I would like to propose an enhanced replacement for the special assignment operators +=, -=, *= and /=:

More Pascal-like would be constructs of the form "operator :=" such as

a + := 1;
a div := 3;
a or := b;
a xor := 3;
a shl := 1;

Together with my prior proposal of multiple assignments there could be stuff like below as well:

a,b + := c+d;
a,b shl := 1;

I am not sure as how to further enhance this to monadic operators such as "-" and "not".

The C operators can be thought of a composition of a binary operator ("+", "-", "*", "/") and the C assignment operator "=", so my solution should be the natural pendant in Pascal.

My proposal is to replace the operators "op=" by one operator "op" and a following ":=". This can be further enhanced to work together with my other proposal for multiple assignments.
Examples:

a + := 1;
a + := pi; // float
a + := 'bla'; // string
a + := [1,2]; // set
a < := b; // booleans, this is ugly but should be OK (but not with C-style operators), see PS
a div := 3;
a or := b;
a xor := 3;
a shl := 1;
f()^ + := 1; // f might have side-effects!
a[i+j] * := 2; // @a[i+j] only evaluated once

a,b + := c+d; // c+d only evaluated once
a,b shl := 1;
a^.b[f(i)], c^.d[g(j)] + := h(k); // f,g,h might have side-effects, stuff evaluated only once

I cannot think of a more readable and more Pascal-like solution. For me the C-like pendants are less readable and appear to me as a too limited quick hack. The Delphi-style replacements such as inc/dec/include/exclude are even less usable since both assignment and the operation itself is no longer visible and to wordy. A new pseudo-procedure for every such operator is for sure not the best idea.

There are some reasons for my solution:

I object to the existing Free Pascal operators "+=", "-=", "/=", "*=" because:

Borland's alternative procedure notation with inc, dec, include, exclude is not better since they introduce a flood of global names and hide the operator nature.

The main reason for the proposal is not saving keystrokes but functionality and speed. It is meant to be an optimizing aid to the compiler being able to omit the common expression optimizer in this case without loss and to avoid side-effects. All parts of the statement should be evaluated once.
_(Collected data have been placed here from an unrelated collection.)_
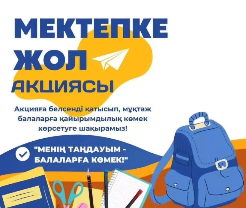 Білім беру ұйымдарында 2024 жылдың 1 тамызы мен 30 қыркүйек күндері аралығында "Мектепке жол" жалпы республикалық қайырымдылық акциясы ұйымдастырылады.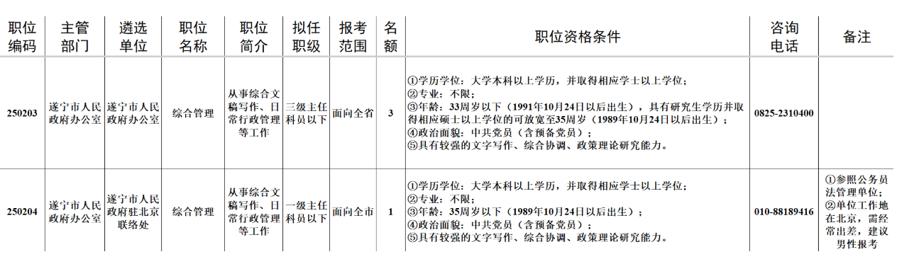 其他职位面向遂宁市内机关(单位)已进行公务员登记且在编在岗符合条件的公务员遴选(考调)。中央机关、省级机关设在遂宁市内的单位(包括垂直管理单位、派出单位等)中符合条件的人员也可报考。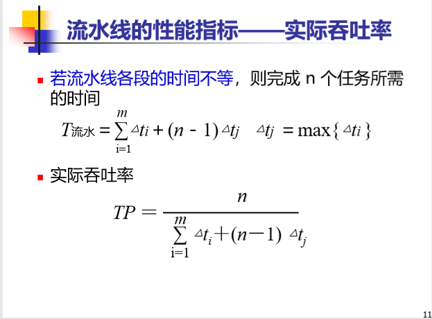 流水线的通过时间: 从任务开始到稳定工作状态(段被填满)所需要的时间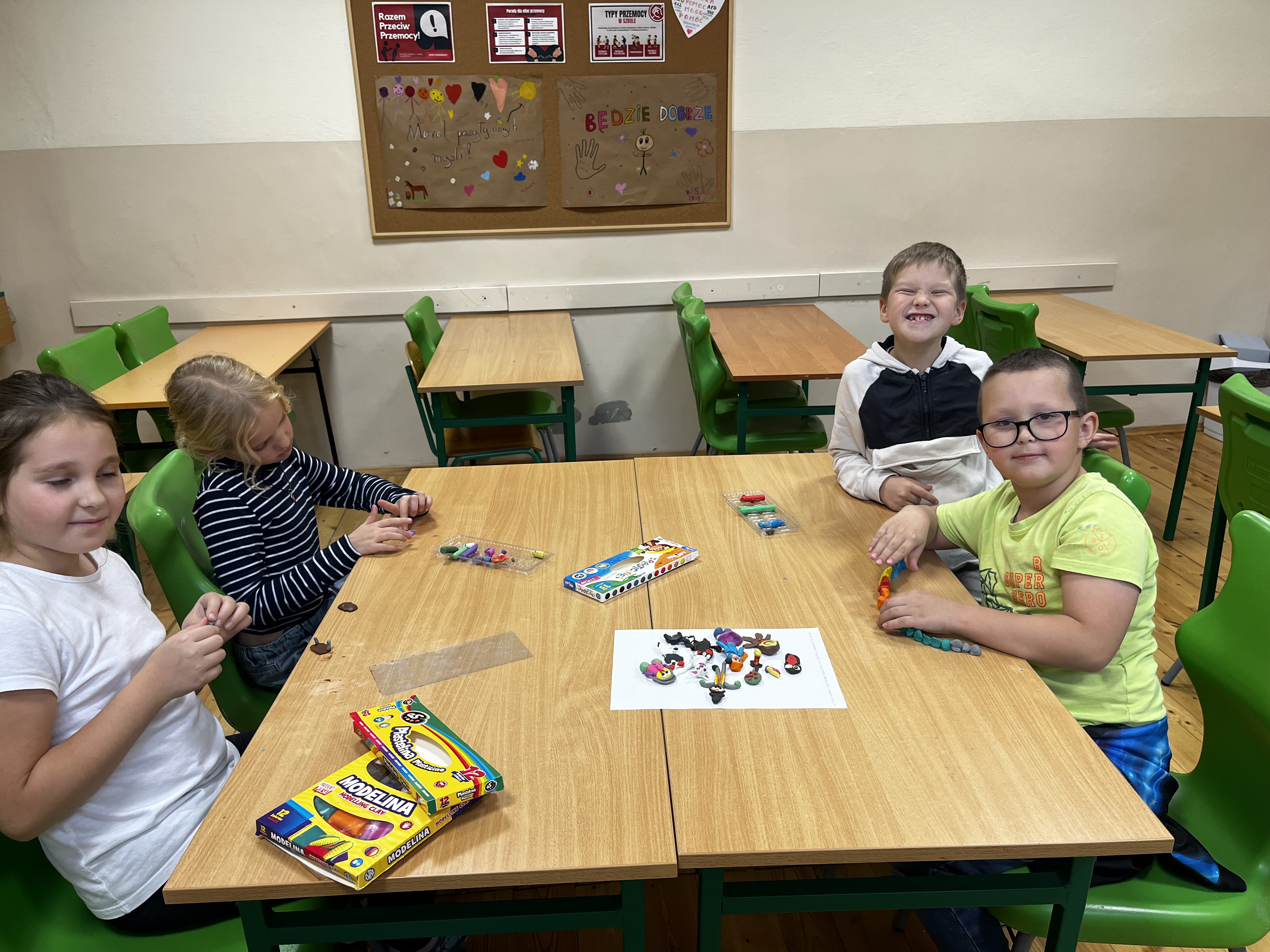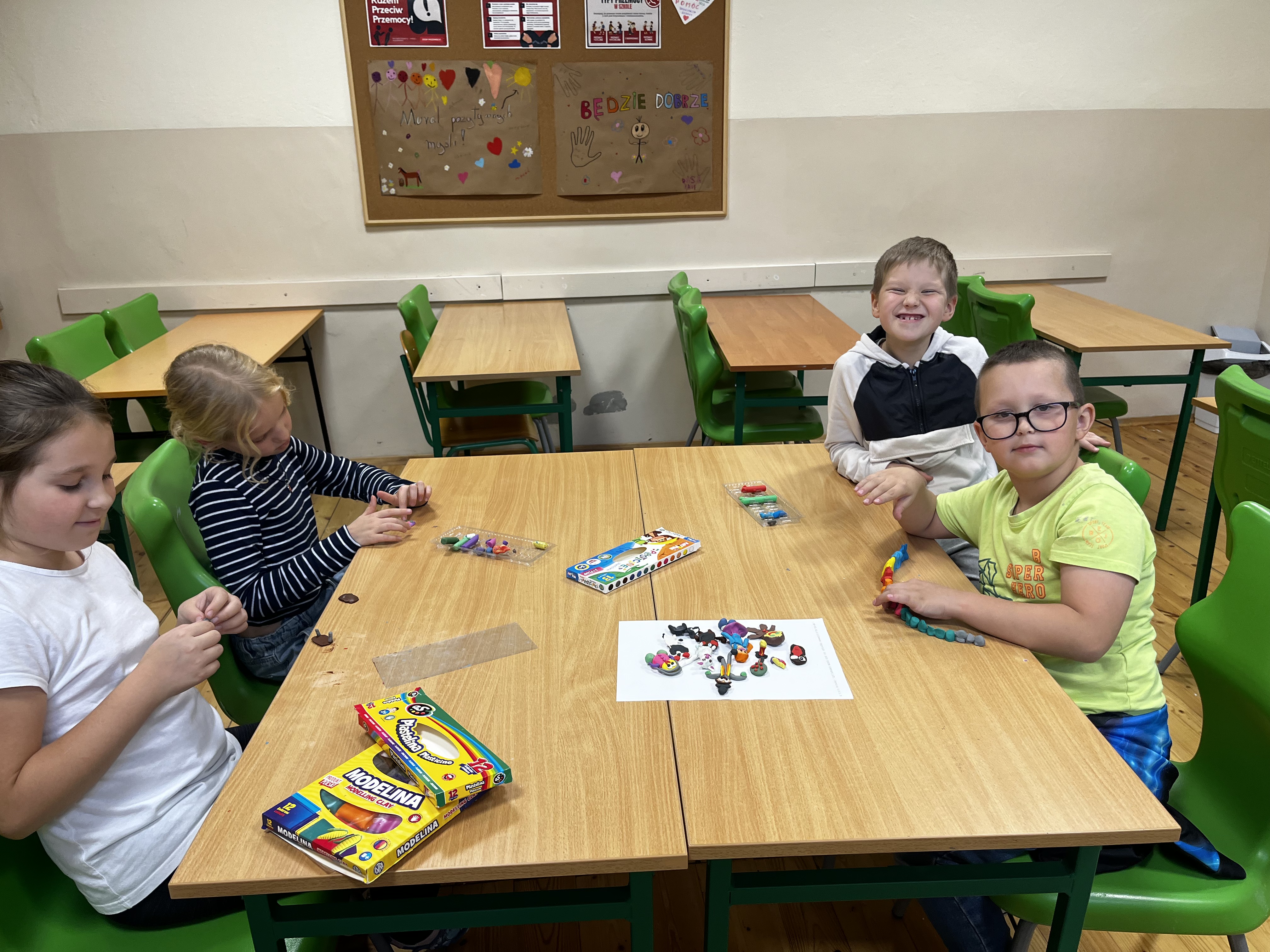 W roku szkolnym 2025/2026 w zajęciach rozwijających kompetencje emocjonalne, realizowanych w ramach projektu „Edukacja włączająca dobrostanem uczniów z Gminy Moszczenica”, uczestniczyło 5 uczniów klasy II. Zajęcia miały charakter integracyjny, interaktywny i projektowy, a ich głównym celem było wspieranie rozwoju społeczno-emocjonalnego uczniów oraz budowanie atmosfery wzajemnego szacunku, zaufania i współpracy. Podczas zajęć uczniowie uczestniczyli w różnorodnych aktywnościach, takich jak gry i zabawy integracyjne sprzyjające wzajemnemu poznaniu, działania twórcze polegające na przygotowywaniu kartek dla innych oraz tworzeniu plakatów przedstawiających dobry dzień, prowadzenie dziennika dobrych myśli, a także zadania rozwijające życzliwość i współpracę, w tym wspólne spacery ukierunkowane na dostrzeganie dobra oraz aktywności łączące elementy matematyki z życzliwą rywalizacją. Dzięki tym formom pracy dzieci uczyły się rozpoznawania i wyrażania emocji, budowania pozytywnych relacji oraz podejmowania działań na rzecz innych. Uczniowie rozwinęli umiejętności komunikacyjne i społeczne, nauczyli się współpracy w grupie oraz stosowania zasad empatii, życzliwości i równości w codziennych sytuacjach szkolnych. Wzmocnili poczucie własnej wartości, sprawczości oraz przynależności do grupy. Zauważalny był również wzrost otwartości, kreatywności i wrażliwości społecznej. Zajęcia potwierdziły, że systematyczne wspieranie rozwoju emocjonalnego dzieci ma istotny wpływ na ich funkcjonowanie w grupie rówieśniczej oraz codziennym życiu szkolnym. Zdobyte umiejętności i doświadczenia przyczyniają się do budowania trwałych postaw opartych na empatii, szacunku i współodpowiedzialności.

Saving keystrokes and avoiding to write things twice are welcome side-effects.

This has also been the reason for including these: inc, dec, include, exclude, "+=", "-=", "*=", "/=".

I have often missed e.g. "* :=" and "shl :=".

Semantic of "a op := expr":

p := @a; // only once!
p^ := p^ op expr;

Semantic of "obj.prop op := expr":

p := @obj; // address of object, only once!
p^.prop := p^.prop op expr; // access property

Semantic of "a,b := expr":

tmp := expr; // only once!
a := tmp;
b := tmp;

Semantic of "a,b op := expr":

tmp := expr; // only once!
p := @a; // only once!
p^ := p^ op tmp;
p := @b; // only once!
p^ := p^ op tmp;

BTW: "a[random(2)] + := 1" is not equivalent to "a[random(2)] := a[random(2)] + 1" due to the side-effect of random()!


(To top) Standard attributes

Let me propose some kinds of type attributes which are handled by the compiler. They mostly have no consequences to the generated code but can catch several common programming bugs. I am not really sure about the syntax.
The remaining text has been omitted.